- **Work to complete**
Please repeat exactly the lines below from the line with "Câu 1 : Đáp án đúng là A : 7 phần 8" to the line with "4月3日(金)、今年度から港", including both, and leave out every picture.

- **Information supplied**
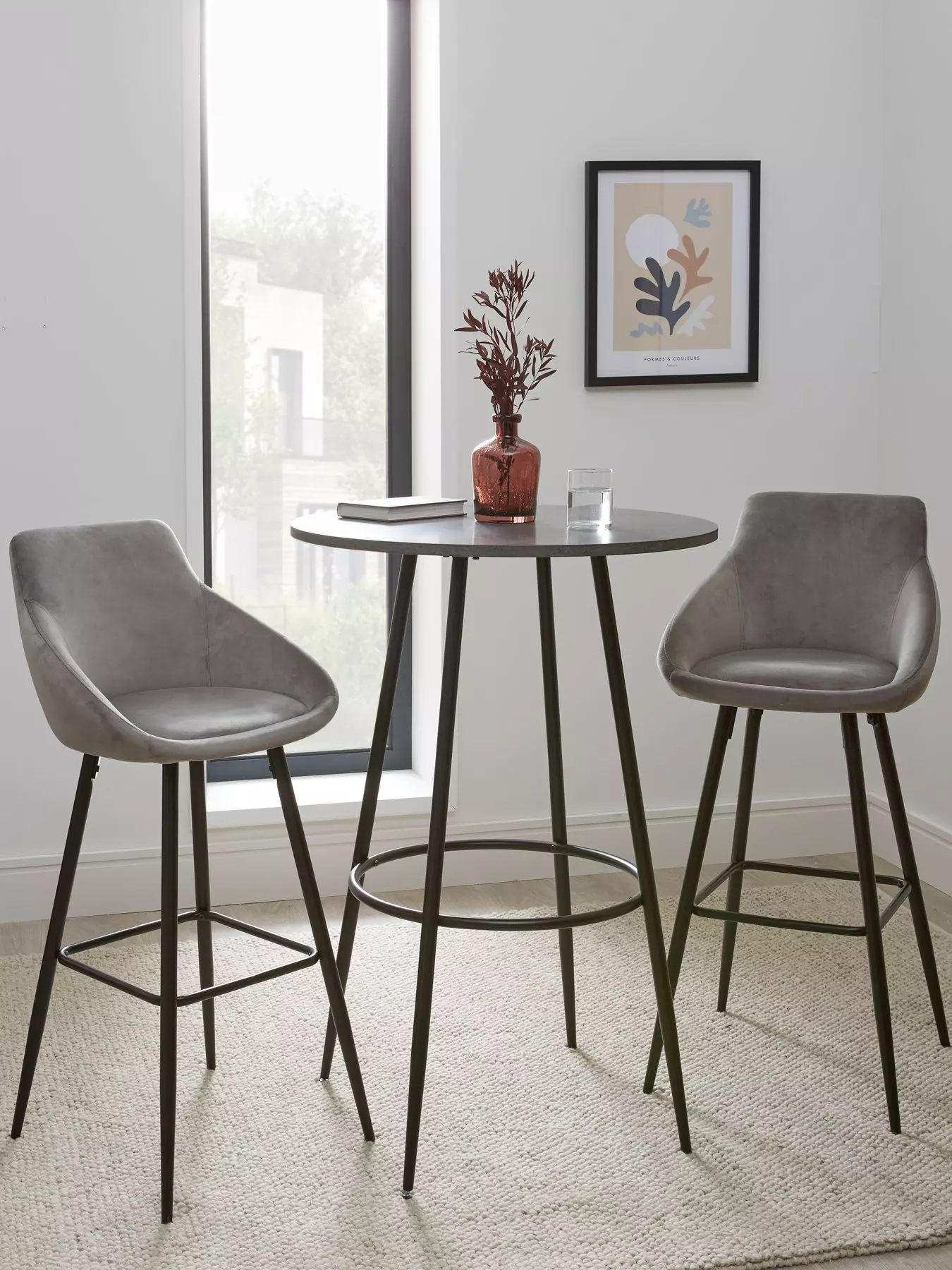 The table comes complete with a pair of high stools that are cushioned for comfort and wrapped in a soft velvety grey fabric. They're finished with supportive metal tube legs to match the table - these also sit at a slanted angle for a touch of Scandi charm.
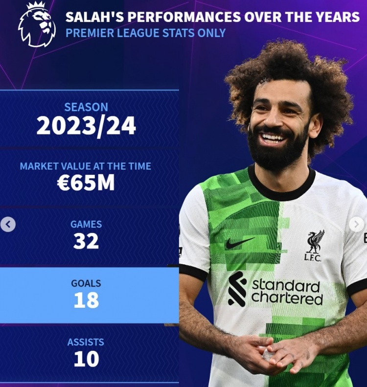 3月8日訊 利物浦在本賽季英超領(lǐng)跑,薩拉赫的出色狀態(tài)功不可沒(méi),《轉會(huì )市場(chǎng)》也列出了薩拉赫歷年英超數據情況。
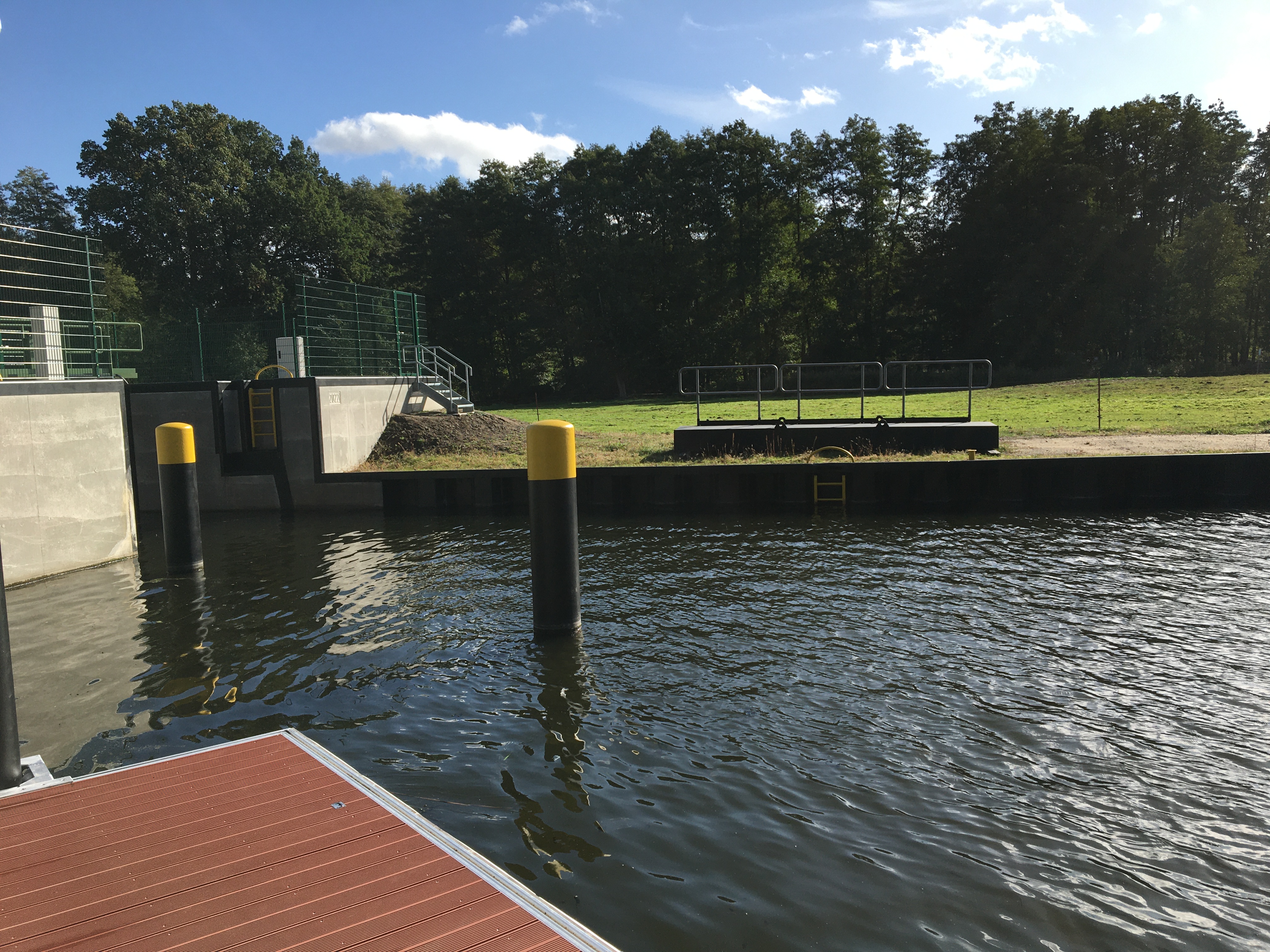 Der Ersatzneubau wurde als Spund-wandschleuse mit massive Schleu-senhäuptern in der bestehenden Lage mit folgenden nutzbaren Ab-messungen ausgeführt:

* * *

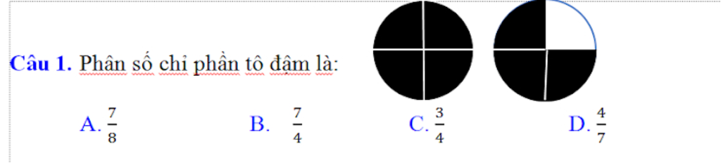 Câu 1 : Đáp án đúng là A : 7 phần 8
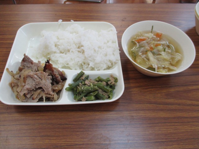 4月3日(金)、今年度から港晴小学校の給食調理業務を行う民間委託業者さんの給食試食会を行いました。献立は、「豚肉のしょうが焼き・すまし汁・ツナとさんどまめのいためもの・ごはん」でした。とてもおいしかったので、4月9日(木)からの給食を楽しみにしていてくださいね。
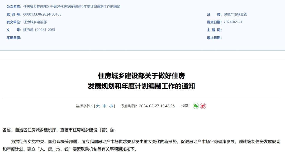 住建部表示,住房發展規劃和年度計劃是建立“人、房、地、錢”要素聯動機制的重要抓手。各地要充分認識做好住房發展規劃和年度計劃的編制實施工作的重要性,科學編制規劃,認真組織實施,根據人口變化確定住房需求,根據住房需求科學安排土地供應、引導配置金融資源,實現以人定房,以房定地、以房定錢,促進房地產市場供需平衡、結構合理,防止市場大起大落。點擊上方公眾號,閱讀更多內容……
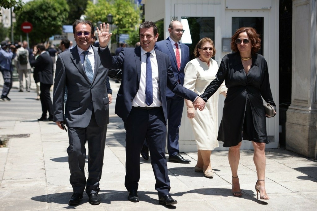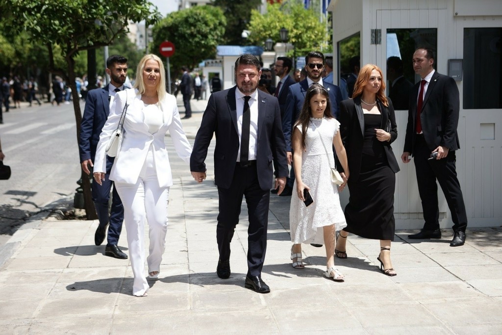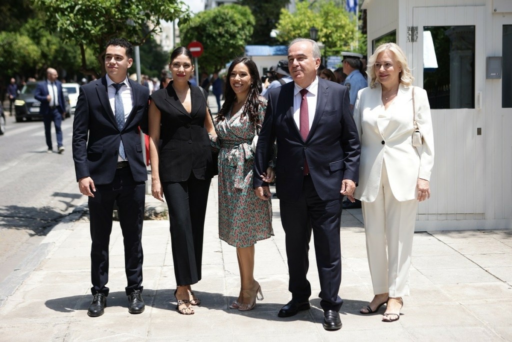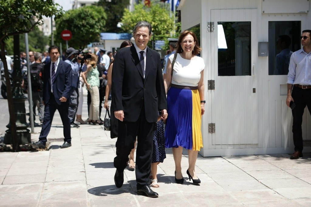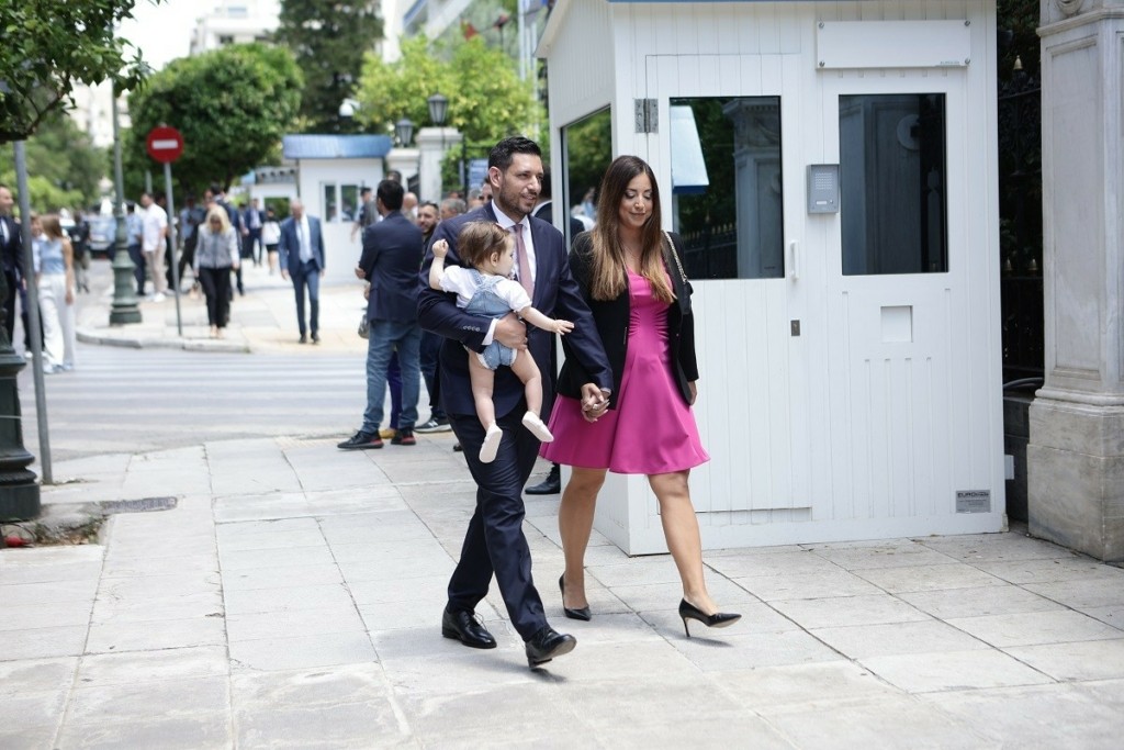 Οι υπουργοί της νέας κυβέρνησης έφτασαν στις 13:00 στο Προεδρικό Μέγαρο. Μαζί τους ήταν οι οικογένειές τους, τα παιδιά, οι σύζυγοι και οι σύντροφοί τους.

- **Task solution**
 Câu 1 : Đáp án đúng là A : 7 phần 8
 4月3日(金)、今年度から港晴小学校の給食調理業務を行う民間委託業者さんの給食試食会を行いました。献立は、「豚肉のしょうが焼き・すまし汁・ツナとさんどまめのいためもの・ごはん」でした。とてもおいしかったので、4月9日(木)からの給食を楽しみにしていてくださいね。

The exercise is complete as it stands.